**Exercise description:**
Only the lines from the one with "2023年10月26日,天玑" to the end of the listing below should be set down, exactly as written and without any pictures.

**Data section:**
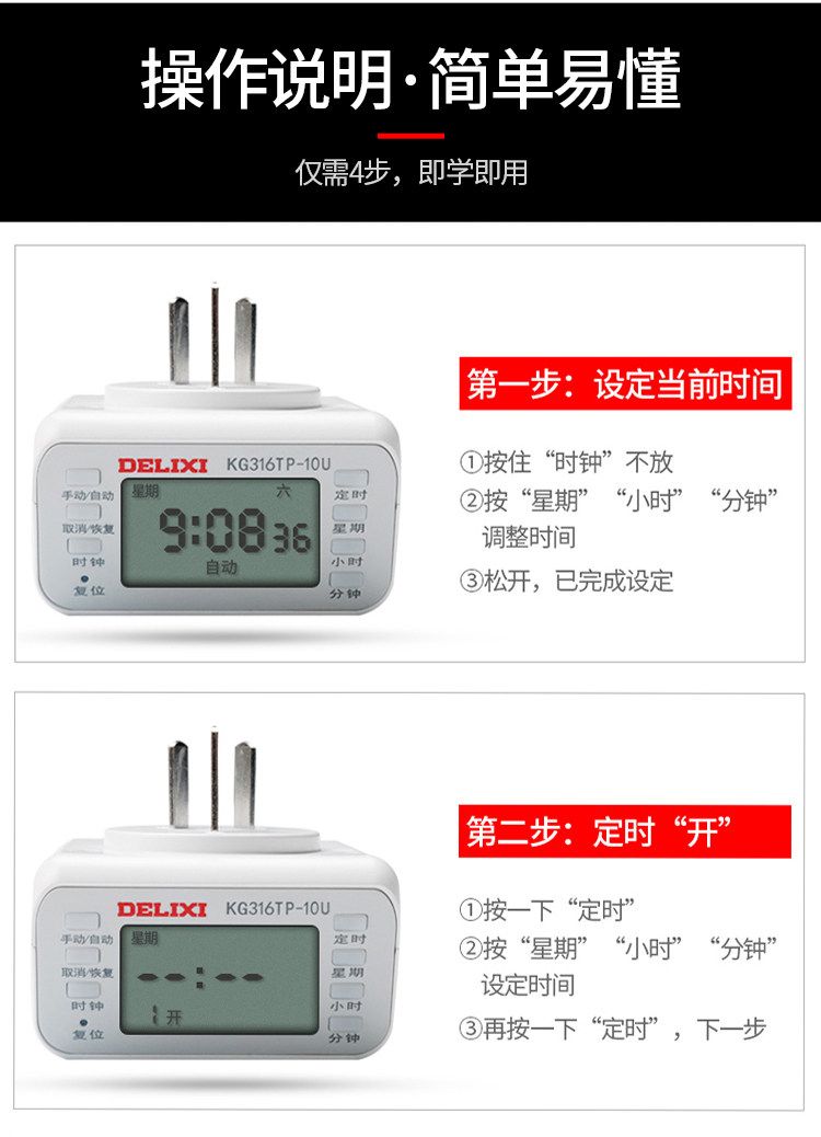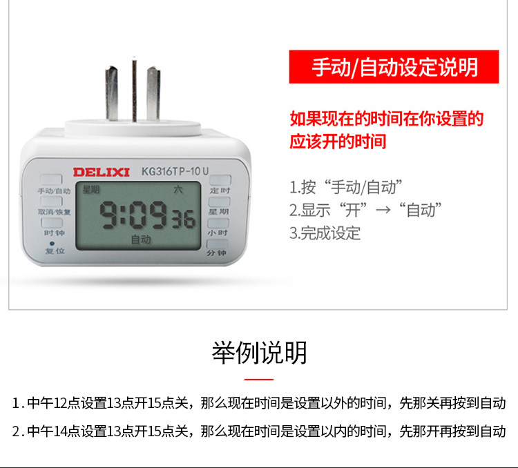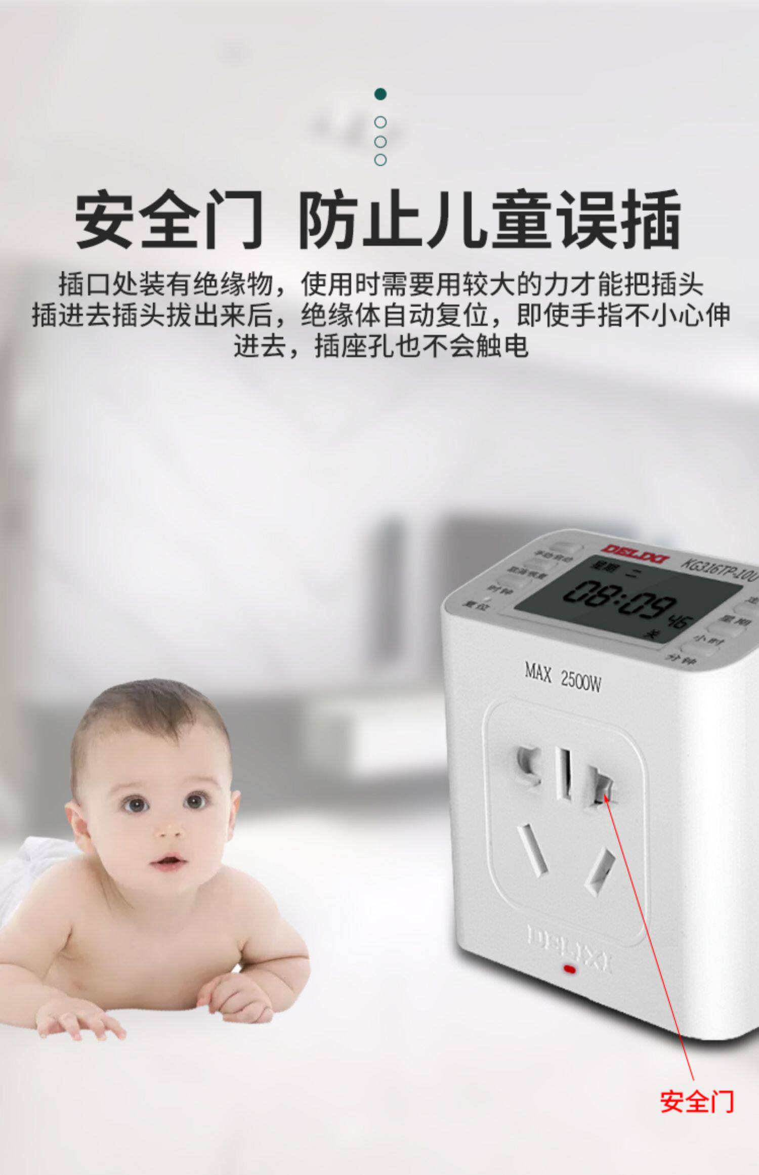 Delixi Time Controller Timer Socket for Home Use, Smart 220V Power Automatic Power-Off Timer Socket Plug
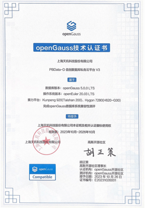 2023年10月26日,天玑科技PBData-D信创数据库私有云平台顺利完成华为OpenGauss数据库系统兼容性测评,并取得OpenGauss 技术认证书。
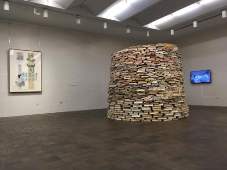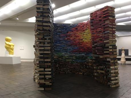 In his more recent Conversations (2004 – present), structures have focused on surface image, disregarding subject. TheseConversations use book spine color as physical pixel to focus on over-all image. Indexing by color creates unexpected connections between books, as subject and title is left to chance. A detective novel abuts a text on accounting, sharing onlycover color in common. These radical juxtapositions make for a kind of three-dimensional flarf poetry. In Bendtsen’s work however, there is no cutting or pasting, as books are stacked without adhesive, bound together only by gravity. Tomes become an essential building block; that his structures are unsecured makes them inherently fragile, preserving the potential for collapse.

**Solved exercise:**
 2023年10月26日,天玑科技PBData-D信创数据库私有云平台顺利完成华为OpenGauss数据库系统兼容性测评,并取得OpenGauss 技术认证书。
 In his more recent Conversations (2004 – present), structures have focused on surface image, disregarding subject. TheseConversations use book spine color as physical pixel to focus on over-all image. Indexing by color creates unexpected connections between books, as subject and title is left to chance. A detective novel abuts a text on accounting, sharing onlycover color in common. These radical juxtapositions make for a kind of three-dimensional flarf poetry. In Bendtsen’s work however, there is no cutting or pasting, as books are stacked without adhesive, bound together only by gravity. Tomes become an essential building block; that his structures are unsecured makes them inherently fragile, preserving the potential for collapse.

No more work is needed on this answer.